By now at least one of you is screaming, "Go to the completion standards." The completion standards that roughly correspond to the objective state that the student will "display increased proficiency in coordinated airplane attitude control during basic maneuvers," and "demonstrate basic understanding of steep turns, slow flight, stalls, stall recovery, and emergency procedures." Again, there are no measurable standards. "Display in-creased proficiency" is not a measurable statement, nor is "basic under- standing." Both standards are ambiguous and do not include any specifics delineating what the student will do to demonstrate proficiency and at what level of competency.
The objectives in the example are activity statements. The completion standards are barely measurable. All the student can glean from the objectives is that he will be receiving instruction on the items listed in the content area and will be allowed to practice them. There are no standards by which to measure any of the objectives.
There is also an inconsistency between the objectives, content, and standards in the example. The objectives and completion standards reference steep turns, but steep turns do not exist in the content section. Make sure your lesson outlines match.
This particular lesson is also overwhelming. In 27 years of flight instruction, I doubt I have seen more than three students who could complete all the lesson's activities in one hour. Even the best student would only slightly improve on each maneuver, even if the instructor had enough time to demonstrate them all properly. It's an enormous lesson. Keep each lesson simple. Don't overload your students.
As an example of what educators recommend, objectives for this flight lesson might be:
a) By using the recommended procedures listed in the maneuvers handbook, and without instructor assistance, the student will demonstrate the ability to recognize and recover from stalls by putting the aircraft into a stalled condition, telling the instructor when the aircraft has stalled, then recovering from the stall without going below a designated altitude;
b) With instructor assistance, the student will take off and land the aircraft, depart and enter the traffic pattern, and make the appropriate radio transmissions at the proper time.
These statements tell the student what he will be required to accomplish in order to demonstrate proficiency. The objectives are specific, contain appropriate proficiency criteria, and are measurable.

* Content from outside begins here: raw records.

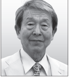
【肩書き・経歴】市民平和運動家、銀行員として海外に駐在 【政策】自衛隊を「国際災害救助即応隊」に衣替え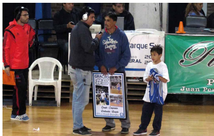
Antes del final de la temporada la Comisión de Básquet sureña le hizo entrega de un reconocimiento a su trayectoria en la institución.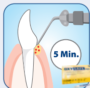
Direkte Applikation in die Zahnfleischtasche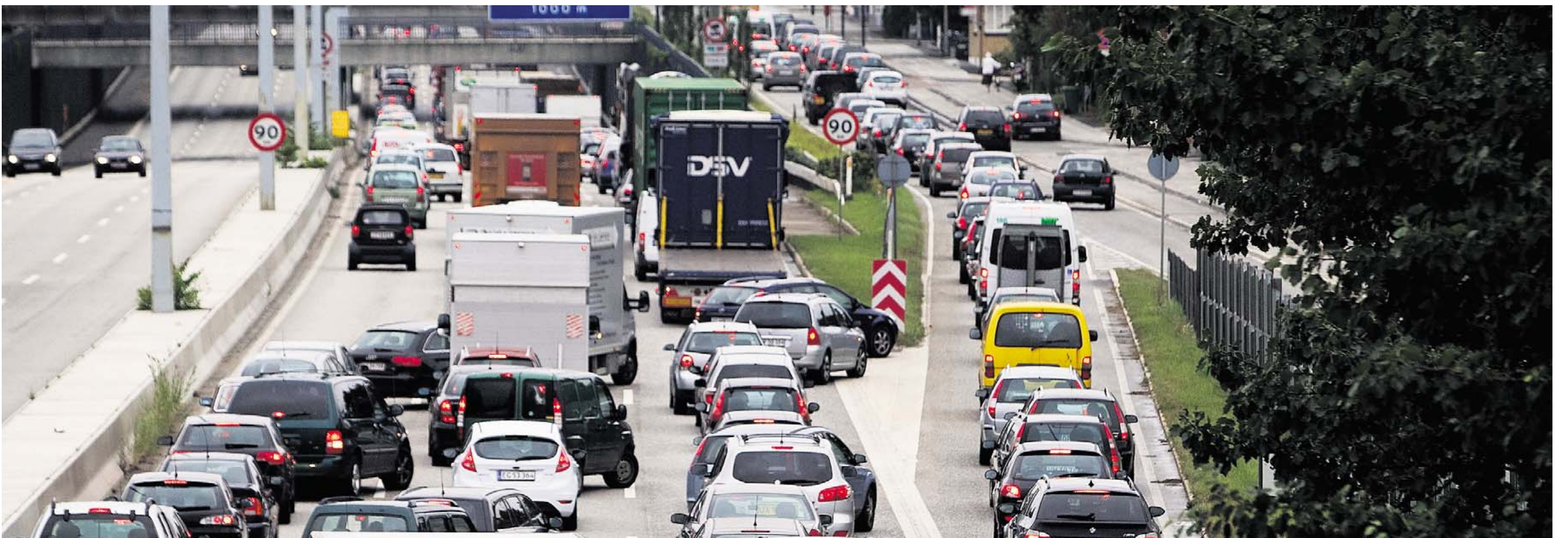
STILSTAND. Det er velkendt, at trængsel på vejene giver forsinkelser og uforudsigelighed, som koster samfundet milliarder. Det er også velkendt, at kørselsafgifter kan dæmme op for trængsel. Men indtil videre holder politikerne stille.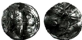
Ryc. 10. Łekno. Denar Ottona III. Skala 1:1

Frankonia , men. Wormacja, denar z czasów Ottona III (983–1002), w. 0,94 g, ø 16 mm, Dbg 844a; DMG 34, Salmo 76:45. Av. Krzyż równoramienny z punktami i pastorałem pomiędzy ramionami, obwódka perełkowa, legenda nieczytelna, Rv. Kapliczka z krzyżem na zwieńczeniu i kółkiem w środku, obwódka perełkowa, legenda [VVOR]MA[TIA]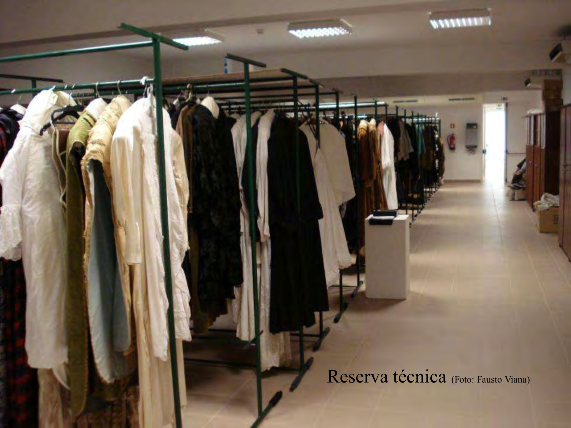
Reserva técnica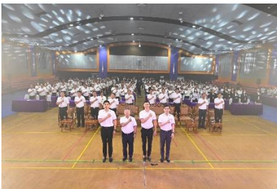
กิจกรรมประกาศเจตจำนงป้องกันและ ปราบปรามการทุจริตคอร์รัปชัน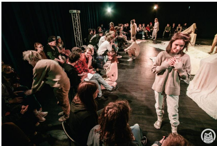
Перформанс «Пусть они всегда танцуют» (реж. И. Куркин) по книге У. Старка «Пусть танцуют белые медведи»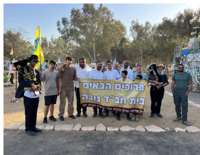
עם ספרי התורה בנובה מנחם מוולקנדוב (רביעי משמאל) במתחם בית חב"ד נובה (כתבה בעמוד האחורי)

אלא שבשתי פעמים אלו, לא נכבשה הארץ בשלימותה, עדיין נותרו ארצות הקיני הקניזי והקדמוני בידי האומות, הבטחה העומדת להתממש בקרוב ממש, עם התגלותו של הרבי שליט"א מלך המשיח, כאשר הפעם לא נצטרך להלחם מול האויב לקבלת ארצותיהם, אלא הם בעצמם יעניקו לנו, ויקיימו את ההבטחה הכתובה בתורה.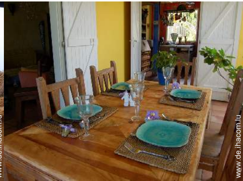
Table d'Hôte (Gemeinschaftstafel)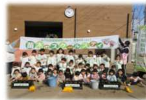
関連事業 (苗木のスクールステイ)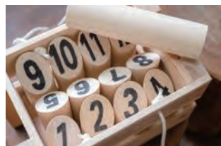
▲県産材を使って作成するモルック (イメージ)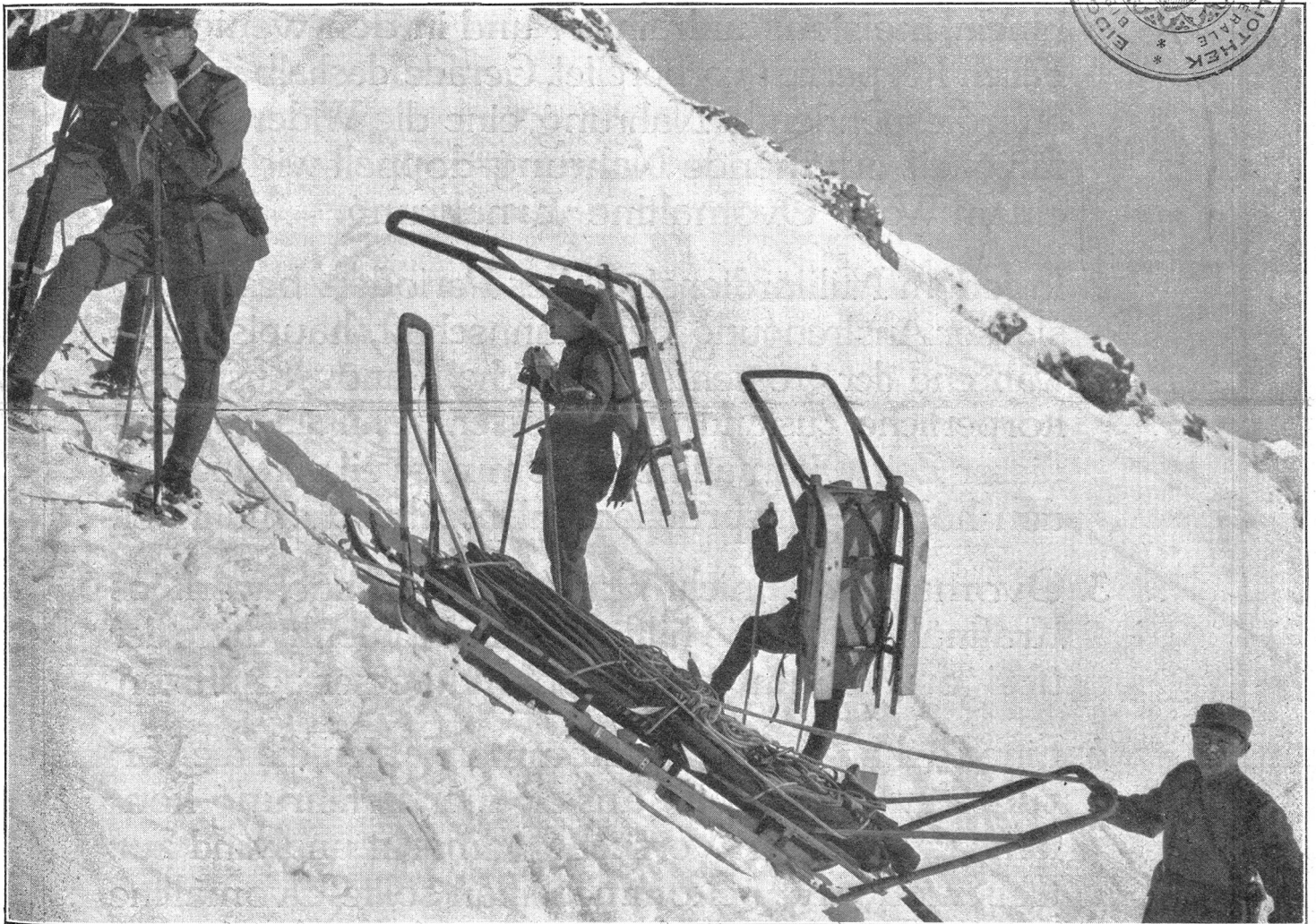
Bild II. Rettungsschlitten System Hunger, vorn montiert, hinten demontiert, im Aufstieg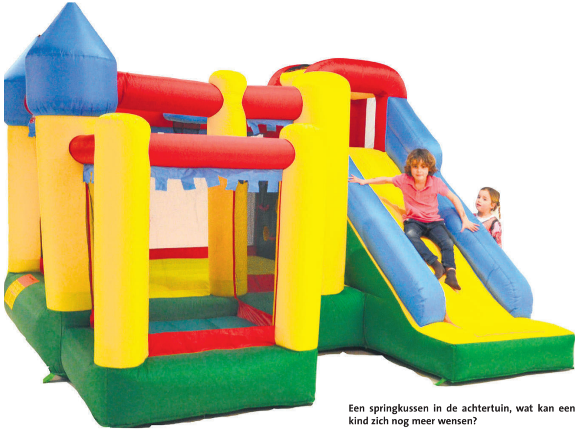
Een springkussen in de achtertuin, wat kan een kind zich nog meer wensen?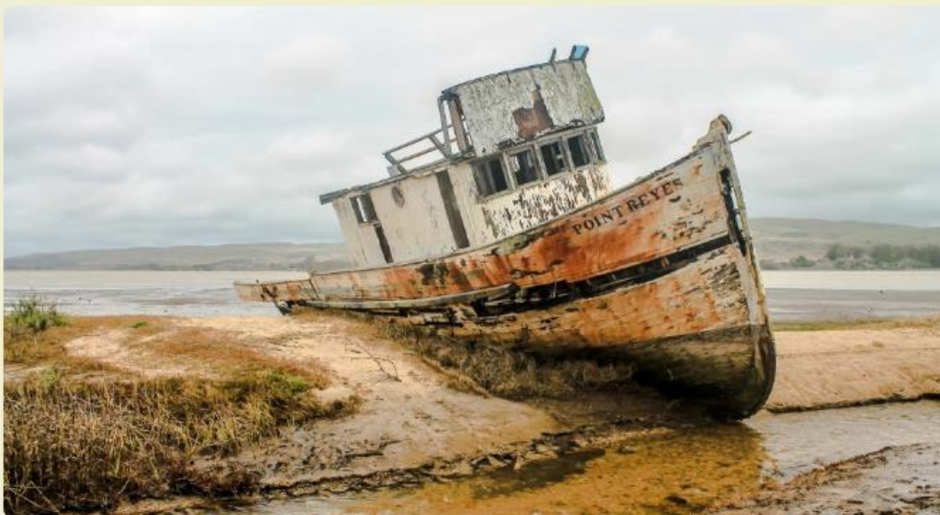
zdolny ale leń

Uważaj, to znak, że zamiast bezpiecznie płynąć utknąłeś w miejscu.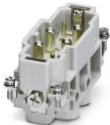
HEAVYCON Steckereinsatz, Serie K4/2, für 4 Leistungs- und 2 Steuerkontakte, Schraubanschluss, Produkt mit Hartinglogo

Bitte beachten Sie, dass die hier angegebenen Daten dem Online-Katalog entnommen sind. Die vollständigen Informationen und Daten entnehmen Sie bitte der Anwenderdokumentation. Es gelten die Allgemeinen Nutzungsbedingungen für Internet-Downloads. ( http://download.phoenixcontact.de )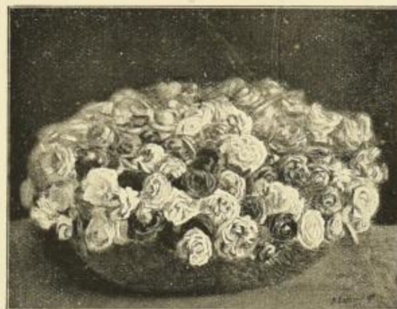
* C. F. Lederer, Rosen. Farbenlichtdruck Bildgrösse: 63 x 84 cm. Preis 40 Mark

They also represent about one hour of flight time that will allow the instructor to comprehensively explain and demonstrate, then allow the student to practice.
Additionally, other activities may be added to the lesson plan; for example, after the instructor demonstrates the emergency procedures listed in the maneuvers handbook, the student will practice the maneuvers with assistance.
Preparing a syllabus and objectives is time-consuming. It might be easier to purchase one of the many commercially produced course syllabi. The drawback to many of these is that most use the FAA's flawed examples. Often the objectives are activity statements and contain ambiguous standards that are difficult to measure. Some objectives do not match lesson content and/or completion standards. With a little effort you can modify the syllabus, correct mistakes, and adjust the content to produce a viable tool that will fit your situation. It's not necessary to reinvent the wheel, but be aware that many aviation educational wheels are not exactly round, so you may have to do some shaping.